In other words, the ASCII, does not refer to the American Standard Code, refers to ASCII-NET's art as ASCII Corporation.

Icon Meaning
(^_^) (^^ゞ (^_^;) (-_-;) (~_~;) (・。・;) (・_・;) (・・;) ^^; ^_^; (#^.^#) (^ ^;) Smiley, nervous, embarrassed, troubled, shy, sweat drop

See List of common emoticons#Eastern.


Unicode

Main article: Unicode

Unicode would seem to offer the ultimate flexibility in producing text based art with its huge variety of characters. However, finding a suitable fixed-width font is likely to be difficult if a significant subset of Unicode is desired. (Modern UNIX-style operating systems do provide complete fixed-width Unicode fonts, e.g. for xterm. Windows has the Courier New font which includes characters like ┌╥─╨┐♥☺Ƹ̵̡Ӝ̵̨̄Ʒ) Also, the common practice of rendering Unicode with a mixture of variable width fonts is likely to make predictable display hard if more than a tiny subset of Unicode is used. ≽ʌⱷ҅ʌ≼ is an adequate representation of a cat's face in a font with varying character widths.

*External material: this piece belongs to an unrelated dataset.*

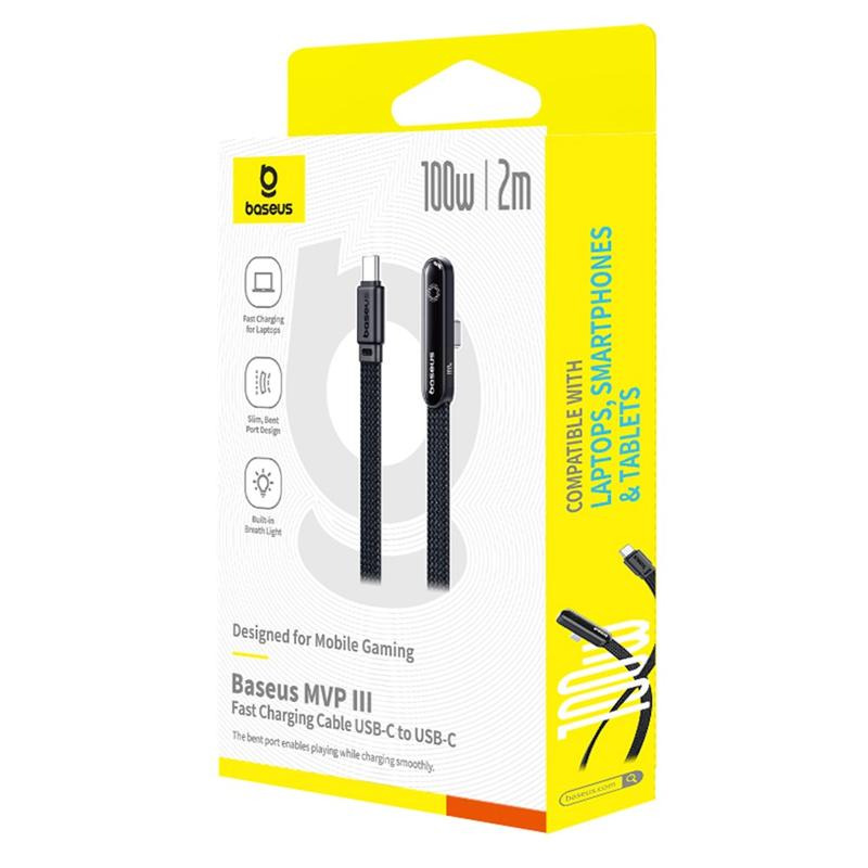 Baseus MVP 3 hurtigopladende USB-C-kabel 100W med bøjet port - 2m - sort
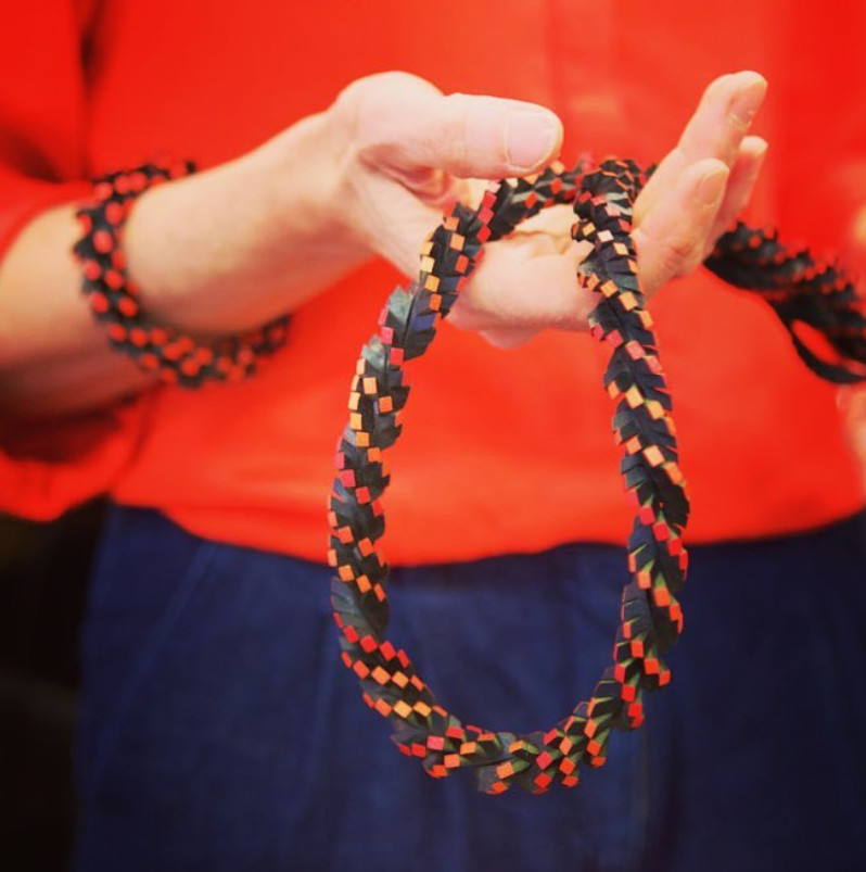 Tania Clark Hall est londonienne. Elle revisite le travail du cuir. De son atelier, de ses mains, sortent des bijoux légers, odorant le cuir comme autrefois mais résolument inscrits dans notre époque. A la croisée des cultures, elle trace une ligne, colorée et forte.

Control and combining characters

The combining characters mechanism of Unicode provides considerable ways of customizing the style, even obfuscating the text (e.g. via an online generator like Obfuscator, which focuses on the filters). Glitcher is one example of Unicode art, initiated in 2012: « These symbols, intruding up and down, are made by combining lots of diacritical marks. It’s a kind of art. There’s quite a lot of artists who use the Internet or specific social networks as their canvas. »[37] The corresponding creations are favored in web browsers (thanks to their always better support), as geekily stylized usernames for social networks. With a fair compatibility, and among different online tools, Facebook symbols showcases various types of Unicode art, mainly for aesthetic purpose (Ɯıḳĭƥḙȡḯả Wîkipêȡıẚ Ẉǐḳîṗȅḍȉā Ẃįḵįṗẻḑìẵ Ẉĭḵɪṕḗdïą Ẇïƙỉpểɗĭà Ẅȉḱïṕȩđĩẵ etc.). Besides, the creations can be hand-crafted (by programming), or pasted from mobile applications (e.g. the category of 'fancy text' tools on Android). The underlying technique dates back to the old systems that incorporated control characters, though. E.g. the German composite ö would be imitated on ZX Spectrum by overwriting " after backspace and o. (Cf. below.)

Overprinting (surprint)

In the 1970s and early 1980s it was popular to produce a kind of text art that relied on overprinting. This could be produced either on a screen or on a printer by typing a character, backing up, and then typing another character, just as on a typewriter. This developed into sophisticated graphics in some cases, such as the PLATO system (c. 1973), where superscript and subscript allowed a wide variety of graphic effects. A common use were for emoticons, with WOBTAX and VICTORY both producing convincing smiley faces.[38] Overprinting had previously been used on typewriters, but the low-resolution pixelation of characters on video terminals meant that overprinting here produced seamless pixel graphics, rather than visibly overstruck combinations of letters on paper.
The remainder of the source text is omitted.